Long-time Green activist, former town councillor and journalist Pete Blench in Leominster has mapped Green Party progress in Herefordshire over the past 40 years: “Leominster Greens put up slates of candidates annually – it was easy to find volunteers – few thought they would get elected!

“Among the candidates was Jenny Jones of Weobley, chair of Herefordshire Green Party. She later moved to London, won a seat on the London Assembly, served as Deputy Mayor to Ken Livingstone, and became the first Green member of the House of Lords.

“Baroness Jones of Moulescombe (the Brighton housing estate where she grew up) remains a relentless and outspoken critic of dysfunctional policing and campaigner for justice. At Leominster, serious intent did develop. We got some help with the ‘tricks of the trade’ in how to frame a successful local campaign from disenchanted former Lib Dem activists.”

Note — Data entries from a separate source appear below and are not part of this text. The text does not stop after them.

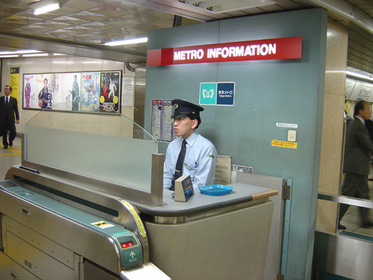 几乎每个站台都会有一个information,有一个穿者制服的工作人员为过往的乘客提供帮助,有时候还可能是一个计算票价的房间,里面有三四个人。值得一提的是,每当任何乘客向他(或他们)询问有关事宜的时候,他总是站立着,并向前倾斜着身体,满脸笑容地耐心解释。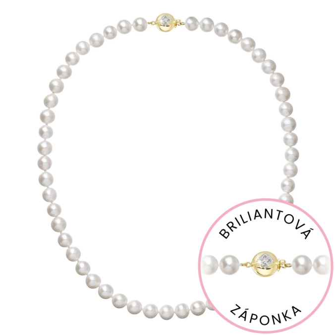 Jedinečný perlový náhrdelník 922003.1/9270A doplnený o zlaté 14-karátové zapínanie bude vo Vašom dekolte neprehliadnuteľný. Náhrdelník je navlečený z pravých riečnych perál vysokej kvality AA a je zaistený uzlíkovou väzbou, ktorá zabraňuje posúvaniu a poškodeniu perál trením o seba a rovnako chráni perly pred rozsypaním, pokiaľ sa náhrdelník náhodou pretrhne. Zapínanie v tvare guličky ozdobené briliantmi o celkovej váhe 0,024 ct. je vyrobené zo zlata rýdzosti 585/1000. Perlový náhrdelník so zlatým zapínaním pre Vás ručne vyrobili naše šikovné šperkárky, ktoré výrobe každého šperku venujú náležitú starostlivosť. O pravosti zlata, riečnych perál a briliantov Vás presvedčí certifikát pravosti, ktorý je ku šperku priložený.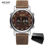 腕時計 メンズ デジタル 男性 レロジオ ドラムローラー ブラウンシルバー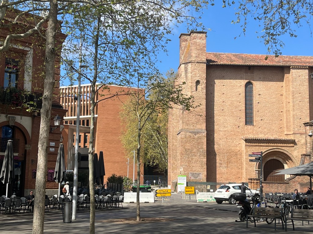 I am always fascinated by the juxtaposition of modern architecture with the old in Toulouse. I am guessing there is not a Board of Architectural Review as there is Charleston, SC and Alexandria, VA which has designated an historic area and all new buildings must be reviewed for how it would affect the feel of the historic part of the city. There is modern right next to medieval buildings. It makes for interesting views of the city. A medieval church right next to the modern University. The new is not compatible with the old and does pay homage to it but definitely is different.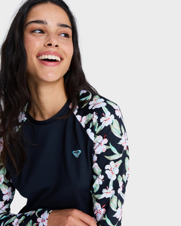 Splash into action with this Women's Long Sleeve Rash Vest. Soft recycled fabric keeps you comfy while 50+ UPF protection shields you from the sun's rays. The fitted cut hugs just right, and the iconic ROXY logo seals the deal. Your new water-sport essential awaits.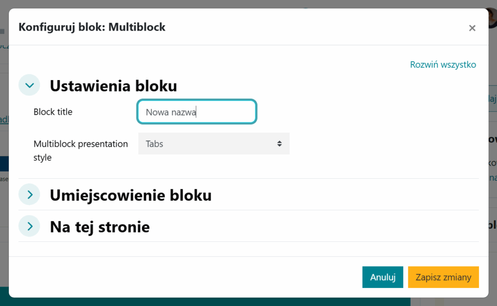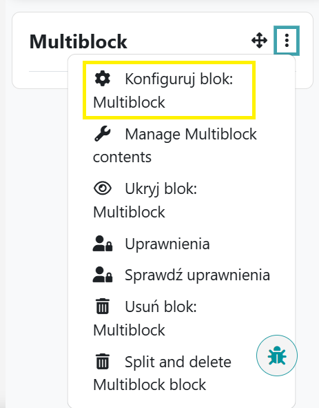 Po dodaniu zasobu kliknij w trzy kropki i rozwiń menu. Na początek wejdź w “Konfiguruj blok: Multiblock”.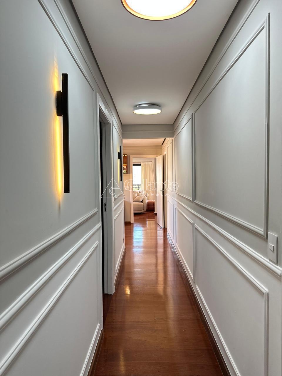 Apartamento à venda com 240 metros quadrados, 4 quartos sendo três suítes espaçosas, todas planejadas com guarda-roupas de portas de vidro com iluminação interna e elegantes, mais um lavabo para visita.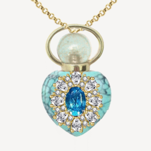Cultivate peace and illuminate your radiant spirit with our Turquoise and Blue Topaz Perfume Amulet Pendant. Inspired by Queen Marie of Romania, known for her humanitarian spirit and for treating people from all walks of life with equal respect, she advocated peace amidst the turmoil of war and shone with an unwavering inner light. You too can choose harmony and let your true self glow, becoming the center of peace amidst everyday business. The Turquoise inspires you to seek tranquility and foster unity, while the Blue Topaz helps you find your center, enveloping you in serene composure.
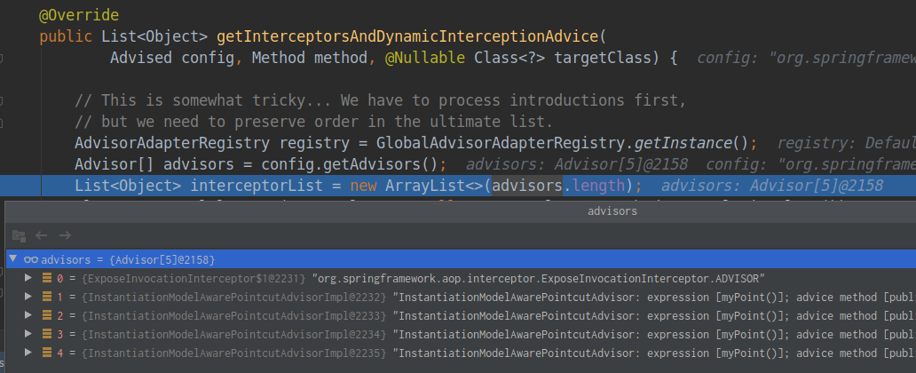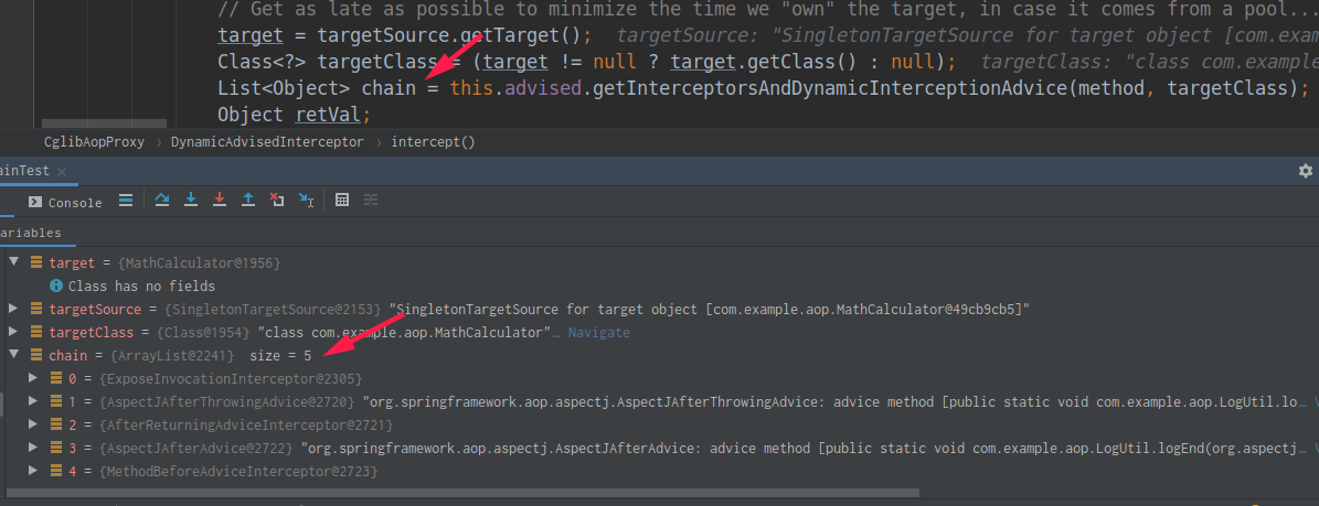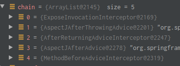+ ①链式获取每一个拦截器,拦截器执行invoke方法,每一个拦截器等待下一个拦截器执行完成返回以后再来执行(递归调用),**拦截器链的机制,保证通知方法与目标方法的执行顺序**。五个拦截器的信息如下:

In January 1990, Greens achieved minor success when Blench beat a well-known local Labour figure in a by-election and gained a seat on Leominster Town Council. By now hardened campaigners, his wife Felicity Norman followed a year later. Today Greens are well established in Leominster – Trish Marsh, also a county councillor, will see this year through as the North Herefordshire town’s mayor. 

“By 2019 Something had changed,” says Blench. “After years of hit-and-miss, Herefordshire Greens fully embraced the Green Party’s recommended Target-to-Win manual with the active support of canny West Midlands party apparatchiks particularly Chris Williams – Green Wizard of Solihull – and his protégé, the politically laser-focused Peggy Wiseman.”

“The Greens have been depicted as a party of protest – it’s true, many of us have spent years campaigning against the ecological and political madness that confronts us,” says Pete. “But the Greens are also keen on helping to fix things.”

“Local Government is not a very glamourous or rewarding calling, but Greens standing for council aim to be team players. Better to participate, to try to improve an imperfect system rather than grumble from the sidelines. 

“What sets us aside from certain others is our people are full-on – not part-time politicians focused on private interests. Our councillors have won respect for their sheer hard-slog and conscientious approach. Our electoral support grows. So many have played their part,  standing as candidates, fundraising, making and erecting poster boards – campaigning. 

“40 years on, we are much clearer on what the journey entails. We can dare to hope."